I train the NN models using the golden labeled data from qrels files and test the NN models on the run file generated by SimpleSearcher on the test topics. The results of the reranking are shown below:

Models MAP MRR P@30
SimpleSearcher 0.2671 0.7699 0.3813
DSSM 0.0768 0.3315 0.0864
CDSSM 0.0618 0.3419 0.0814
DUET 0.0891 0.4103 0.1305
KNRM 0.1517 0.6439 0.2498
DRMM (the same parameters in the paper) 0.2458 0.7600 0.3453
DRMM (fine tuned) 0.2731 0.7717 0.3832

So the results basically match the numbers in the DRMM paper. I think NNs except DRMM fails to leverage the matching information of the whole passage (All of them truncate the document at first 500 words).

lintool commented 5 years ago

Hi @arjenpdevries !

BTW, http://desires.dei.unipd.it/papers/paper10.pdf reports some nice numbers for Robust04.

Victor0118 commented 5 years ago

Result on the MB 2011 - 2014 corpus

After interpolation:

Models MAP MRR P@30
QL 0.4184 0.8408 0.6424
DSSM+ (lambda=0) 0.4184 0.8408 0.6424
CDSSM+ (lambda=0.1) 0.4229 0.8531 0.6442
DUET+ (lambda=0.2) 0.4476 0.8364 0.6606
KNRM+ (lambda=0.1) 0.4389 0.8456 0.6564
DRMM+ (lambda=0.3) 0.4475 0.8708 0.6448

All results are higher than the baseline paper, because the NN reranking models accept the better QL(simple searcher) output.

Victor0118 commented 5 years ago

Result on the Robust04 corpus

Models MAP MRR P@30
SimpleSearcher 0.2671 0.7699 0.3813
DSSM+ (lambda = 0) 0.2671 0.7699 0.3813
CDSSM+ (lambda = 0) 0.2671 0.7699 0.3813
DUET+ (lambda = 0.05) 0.2735 0.7724 0.3954
KNRM+ (lambda = 0.15) 0.2713 0.7719 0.3908
DRMM+ (the same parameters in the paper) (lambda = 0.3) 0.2793 0.7784 0.3981
DRMM+ (fine tuned) (lambda = 0.35) 0.2914 0.7859 0.4015
Victor0118 commented 5 years ago

I add the connection between Anserini and PACRR (https://github.com/khui/copacrr).

Models MAP MRR P@30
QL 0.4184 0.8408 0.6424
PACRR 0.3980 0.7827 0.5576
PACRR+

It is pretty close to the QL baseline and might be better after more tuning.

searchivarius commented 5 years ago

Hi @Victor0118 and @lintool thank you for providing the integration with MatchZoo.
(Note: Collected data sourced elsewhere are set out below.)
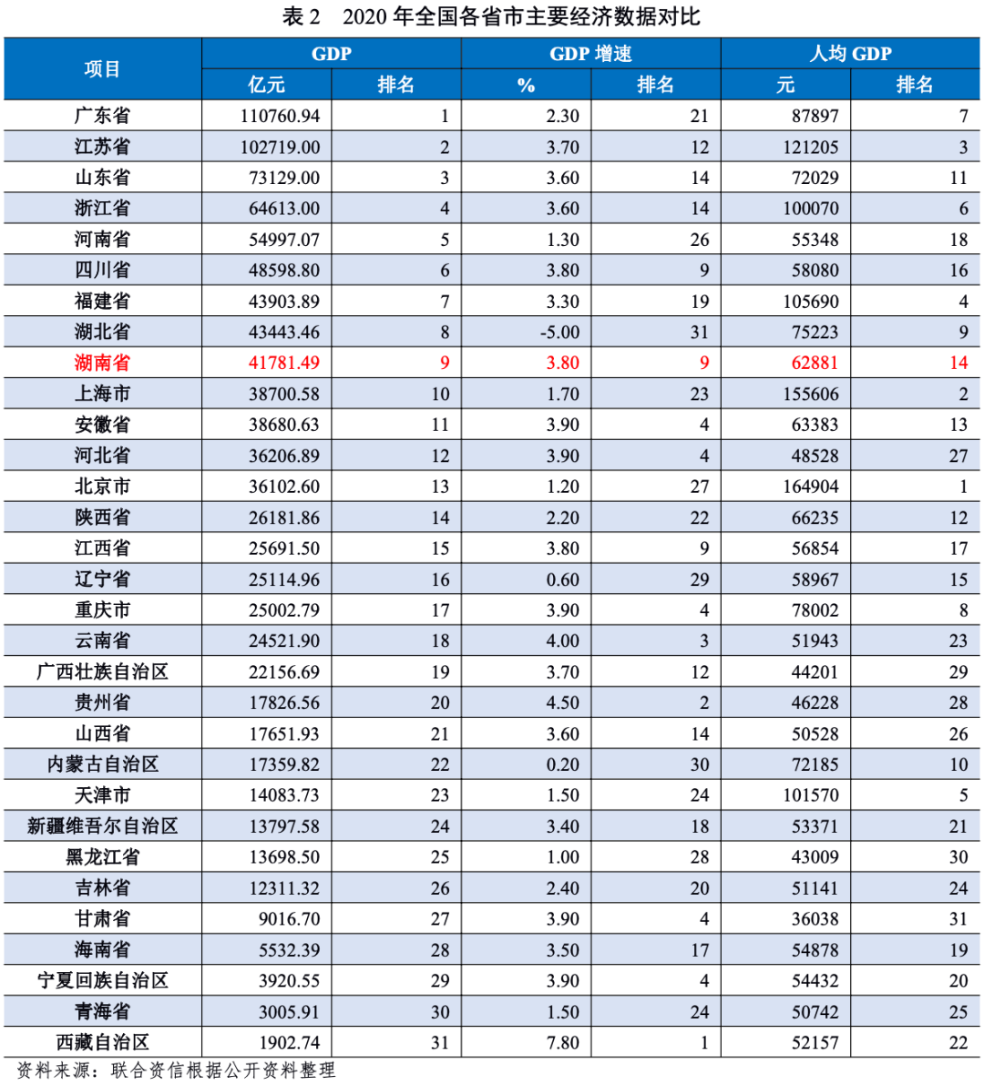 報告概要湖南省整體經濟實力較強,經濟總量位于全國中等偏上水平,人均GDP處于全國中等水平,經濟發展態勢良好。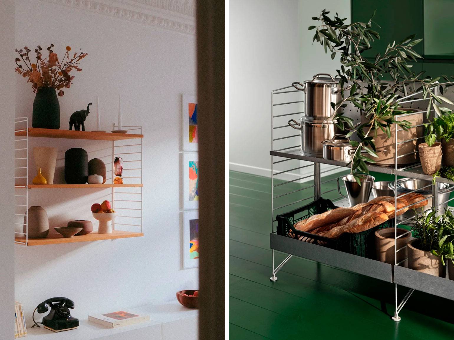 Пример — система хранения String System. В 2025 вышла в новых цветах, добавились модули для кухни/ванной.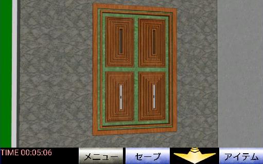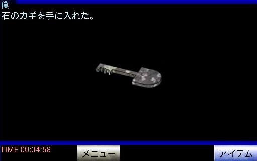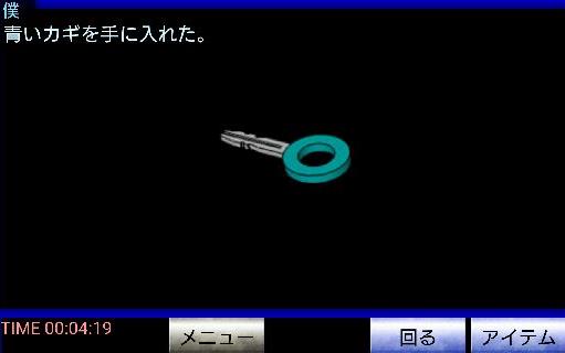 左に移動して、上の開いた扉の中から「青いカギ」を入手。
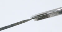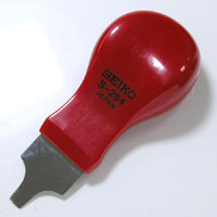 こじ開け工具も色々ありますが、違いは刃先の形状にあります。これはセイコーの専用こじ開け工具ですが”1個¥2.000”くらいですか。こじ開けとしては高いです。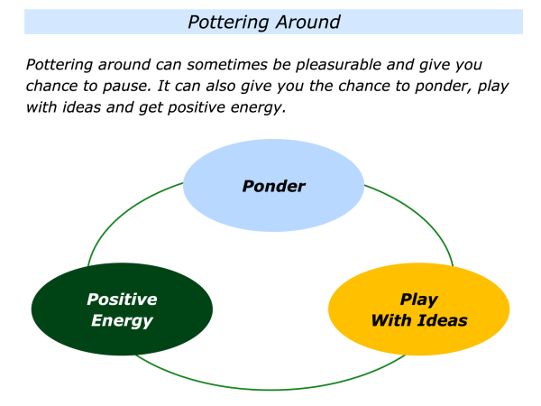 There can sometimes be benefits to simply pottering around. Some people find it can be useful to divide their day into purposeful time and, when appropriate, pottering around time.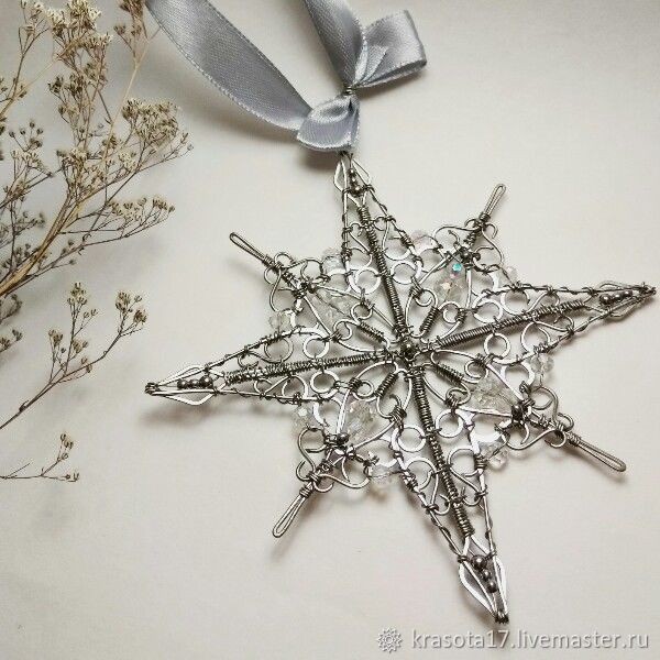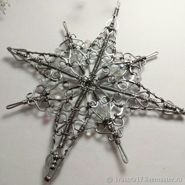 Часть 2 https://www.diyideas.ru/46668-masterim-snezhinku-v-tehnike-wire-wrap-chast-2.html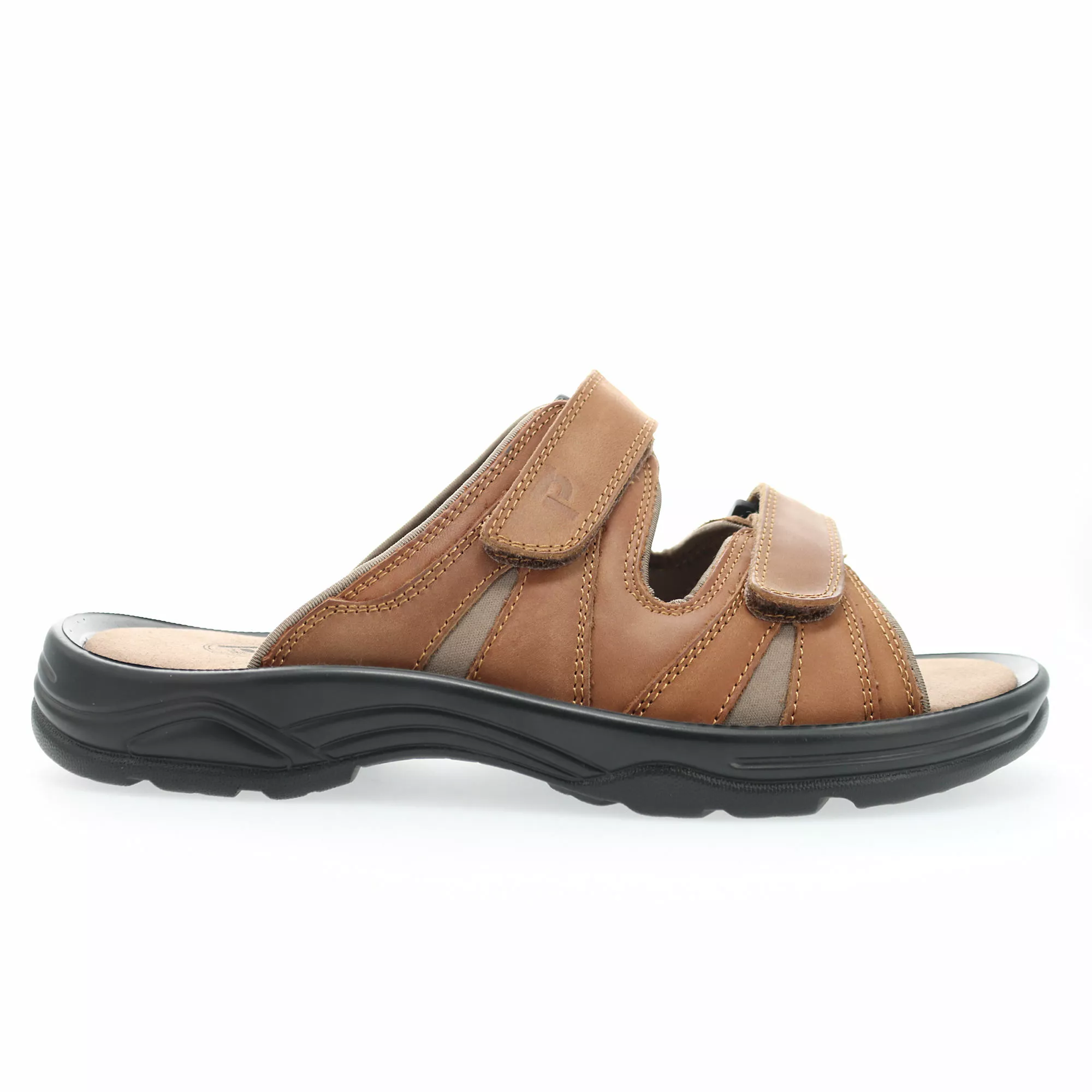 Waxy Nubuck slide sandal with neoprene lining. EVA footbed with microfiber lining. Long lasting PU outsole.Â

I am looking at documents describing this work: https://github.com/castorini/anserini/blob/master/docs/document-matchzoo.md However, I am confused regarding where respective training scripts can be found.

In particular, I cannot find the following scripts:

prepare_mz_data.py
matchzoo/main.py

I also checked the castor repository, but in vain. Is it some branch?

Could you guide me?

Many thanks!

Victor0118 commented 5 years ago

Hi, @searchivarius. Thanks for your interest in this work.

This integration is between Anserini and Matchzoo v1.0. So you can find the script in the MatchZoo v1.0 here: https://github.com/NTMC-Community/MatchZoo/tree/1.0

I would suggest you use my repo since I have some updates based on the code above so that we can apply MatchZoo to Robust04 and Tweet datasets: https://github.com/Victor0118/MatchZoo/tree/rerank/data/robust04 and https://github.com/Victor0118/MatchZoo/tree/rerank/data/tweets

searchivarius commented 5 years ago

Hi @Victor0118 thanks a lot for the quick reply!